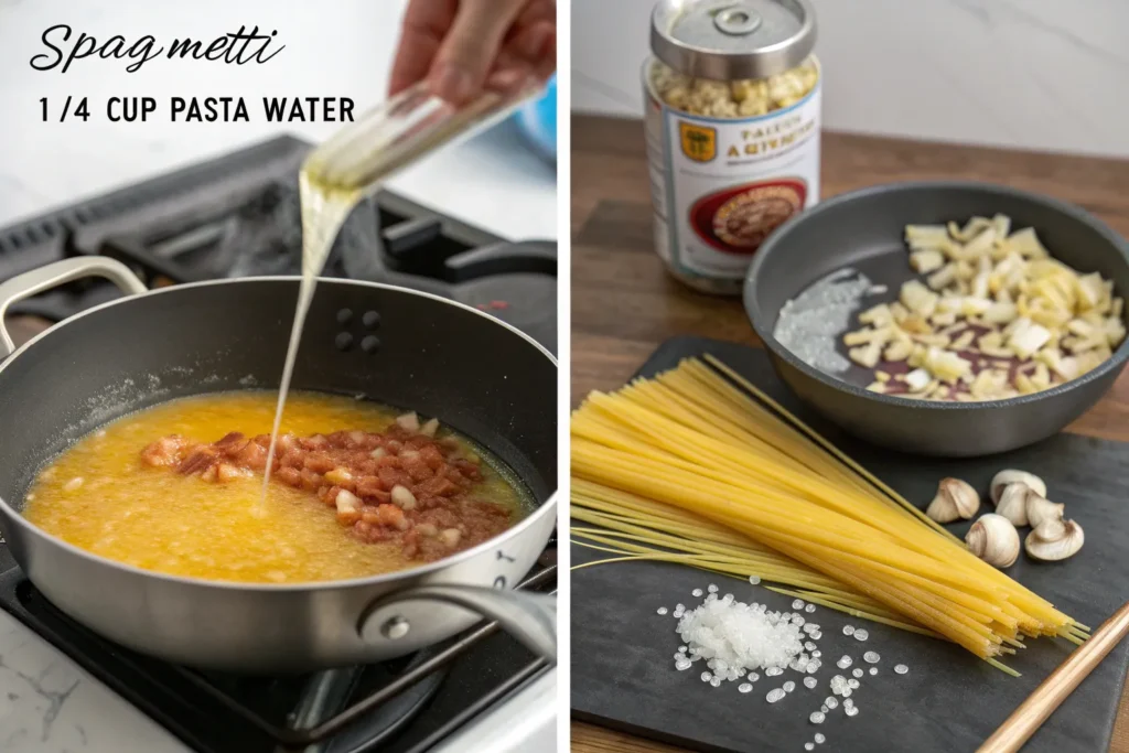 - Always reserve pasta water; it helps bind sauce to noodles.
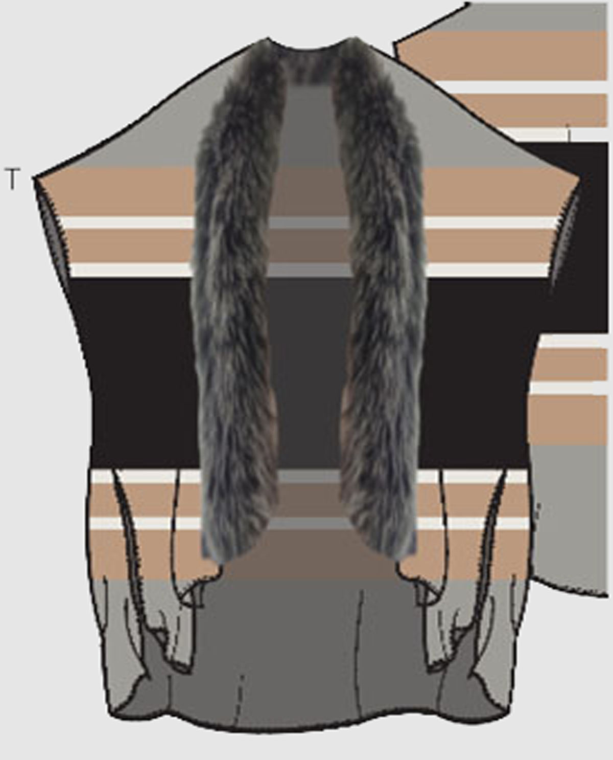 Style: VS 1002 STRIPE PONCO / CAPE WITH FUR TRIM YARN: 30% WOOL 70% ACRYLIC
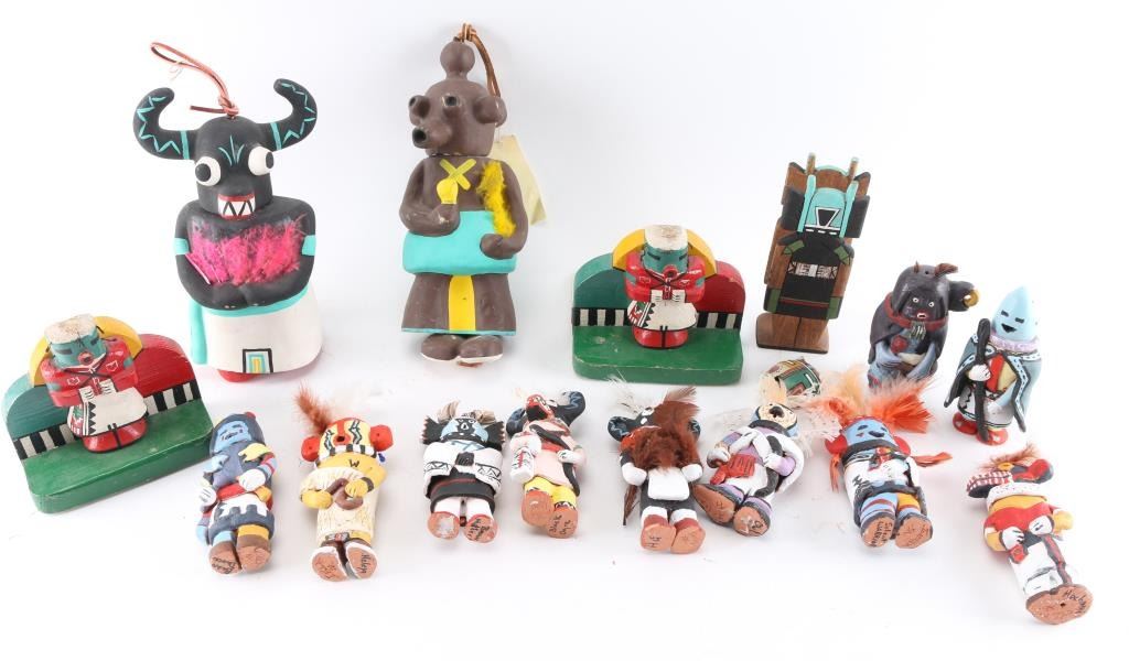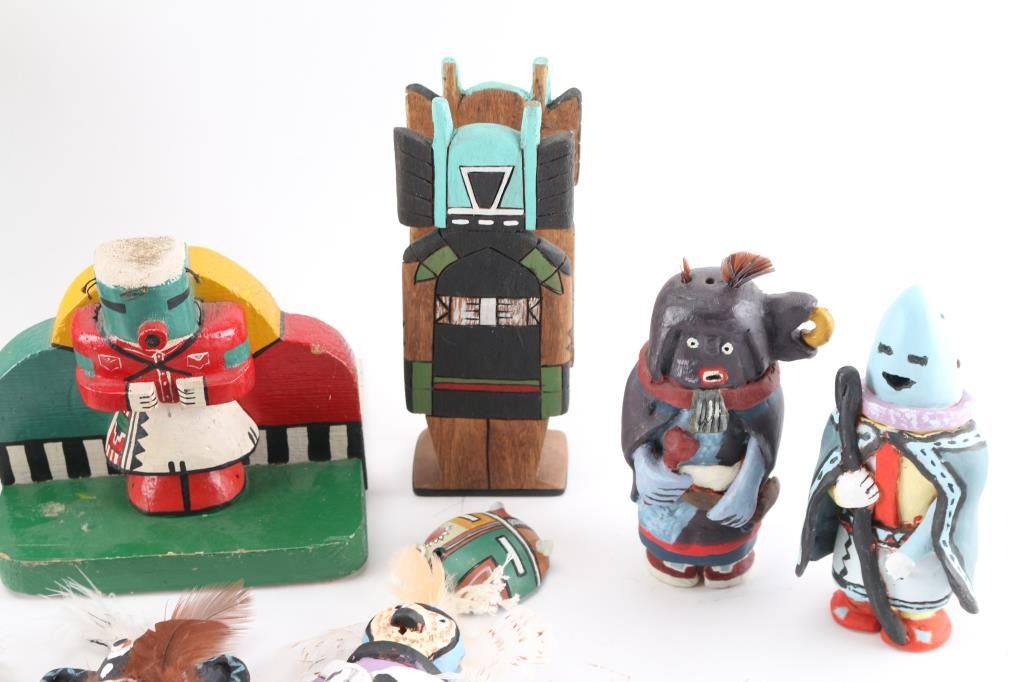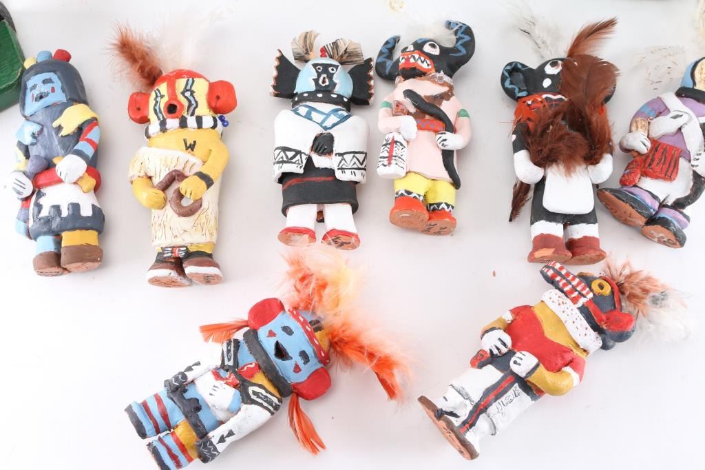 2 wind chimes, 1 napkin holder, 10 clay Kachinas, 1 pair of bookends.

——

TASK GOAL:
Return each line of the data, keeping its wording exact and omitting pictures.

REPLY:
 - Always reserve pasta water; it helps bind sauce to noodles.
 Style: VS 1002 STRIPE PONCO / CAPE WITH FUR TRIM YARN: 30% WOOL 70% ACRYLIC
 2 wind chimes, 1 napkin holder, 10 clay Kachinas, 1 pair of bookends.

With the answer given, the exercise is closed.